Create a new tree with a randomly selected generator method from the available options (see generate(), mutate(), and recombine()). The generated tree is also transformed according to the parameters used to initialize the current tool object.

Return type:: Rule
Returns:: The root of the created tree.

create_test(index)[source]¶

Create a new test case with a randomly selected generator method from the available options (see generate(), mutate(), and recombine()). The generated tree is transformed, serialized and saved according to the parameters used to initialize the current tool object.

Parameters:: index (int) – Index of the test case to be generated.
Return type:: str | None
Returns:: Path to the generated serialized test file. It may be empty if the tool object was initialized with an empty out_format or None if dry_run was enabled, and hence the test file was not saved.

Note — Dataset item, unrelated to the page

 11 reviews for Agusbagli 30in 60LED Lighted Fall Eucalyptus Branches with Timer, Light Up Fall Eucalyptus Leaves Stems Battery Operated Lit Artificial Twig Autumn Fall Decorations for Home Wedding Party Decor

delete_quantified(individual=None, _=None)[source]¶

Removes an optional subtree randomly from a quantifier node.

Parameters:: individual (Individual | None) – The population item to be mutated.
Return type:: Rule | None
Returns:: The root of the modified tree.

generate(_individual1=None, _individual2=None, *, rule=None, reserve=None)[source]¶

Instantiate a new generator and generate a new tree from scratch.

Parameters:

rule (str | None) – Name of the rule to start generation from.
reserve (RuleSize | None) – Size budget that needs to be put in reserve before generating the tree. Practically, deduced from the initially specified limit. (default values: 0, 0)

Return type:

UnlexerRule | UnparserRule

Returns:

The root of the generated tree.

hoist_rule(individual=None, _=None)[source]¶

Select an individual of the population to be mutated and select two rule nodes from it which share the same rule name and are in ancestor-descendant relationship making possible for the descendant to replace its ancestor.

Parameters:: individual (Individual | None) – The population item to be mutated.
Return type:: Rule | None
Returns:: The root of the hoisted tree.

insert_local_node(individual=None, _=None)[source]¶

Select two compatible quantifier nodes from a single test and insert a random quantified subtree of the second one into the first one at a random position, while the quantifier restrictions are ensured.

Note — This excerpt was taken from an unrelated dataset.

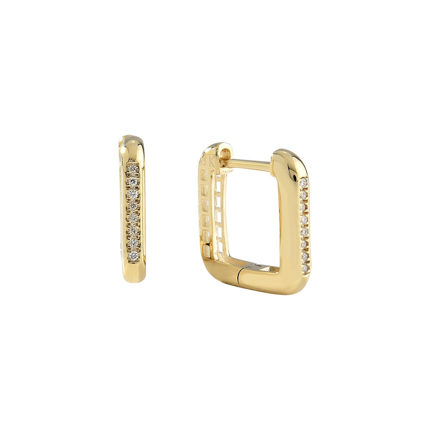 14 Ayar Altın Pırlanta Taşlı Dikdörtgen Küpe

Parameters:: individual (Individual | None) – The population item to be mutated
Return type:: Rule | None
Returns:: The root of the mutated tree.

insert_quantified(recipient_individual=None, donor_individual=None)[source]¶

Selects two compatible quantifier nodes from two trees randomly and if the quantifier node of the recipient tree is not full (the number of its children is less than the maximum count), then add one new child to it at a random position from the children of donors quantifier node.

Parameters:

recipient_individual (Individual | None) – The population item to be used as a recipient during crossover.
donor_individual (Individual | None) – The population item to be used as a donor during crossover.

Return type:

Rule | None

Returns:

The root of the extended tree.

mutate(individual=None)[source]¶

Dispatcher method for mutation operators: it picks one operator randomly and creates a new tree by applying the operator to an individual. The generated tree is also transformed according to the parameters used to initialize the current tool object.

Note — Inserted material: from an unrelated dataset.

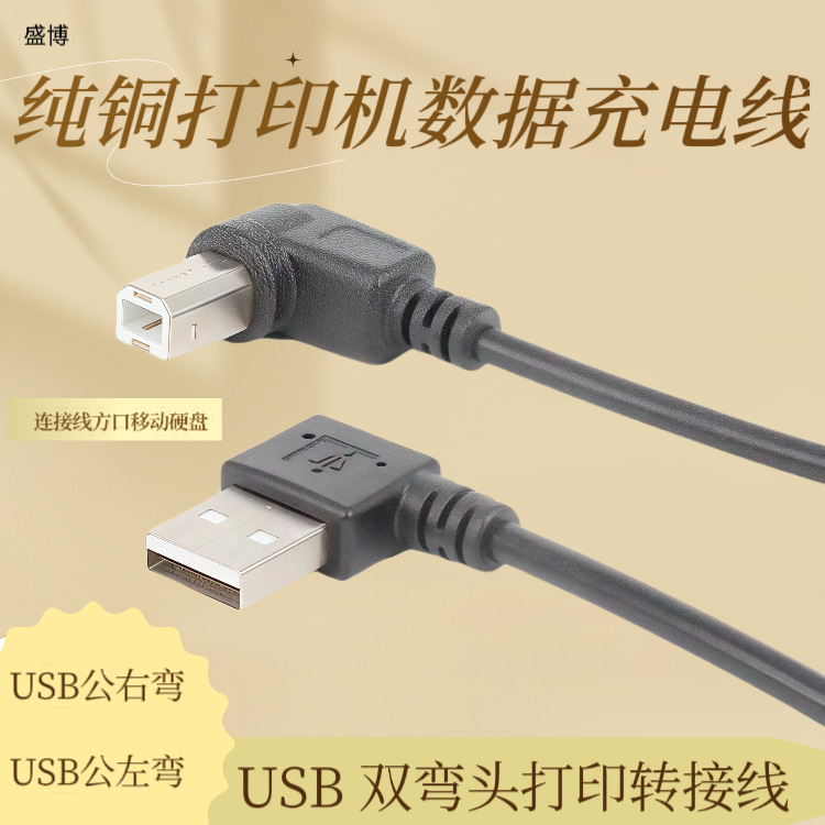 純銅プリンタデータ充電ケーブル角口モバイルハードディスクusbダブルエルボー印刷中継ケーブル

Supported mutation operators: regenerate_rule(), delete_quantified(), replicate_quantified(), shuffle_quantifieds(), hoist_rule(), unrestricted_delete(), unrestricted_hoist_rule(), swap_local_nodes(), insert_local_node()

Parameters:: individual (Individual | None) – The population item to be mutated.
Return type:: Rule
Returns:: The root of the mutated tree.

recombine(individual1=None, individual2=None)[source]¶

Dispatcher method for recombination operators: it picks one operator randomly and creates a new tree by applying the operator to an individual. The generated tree is also transformed according to the parameters used to initialize the current tool object.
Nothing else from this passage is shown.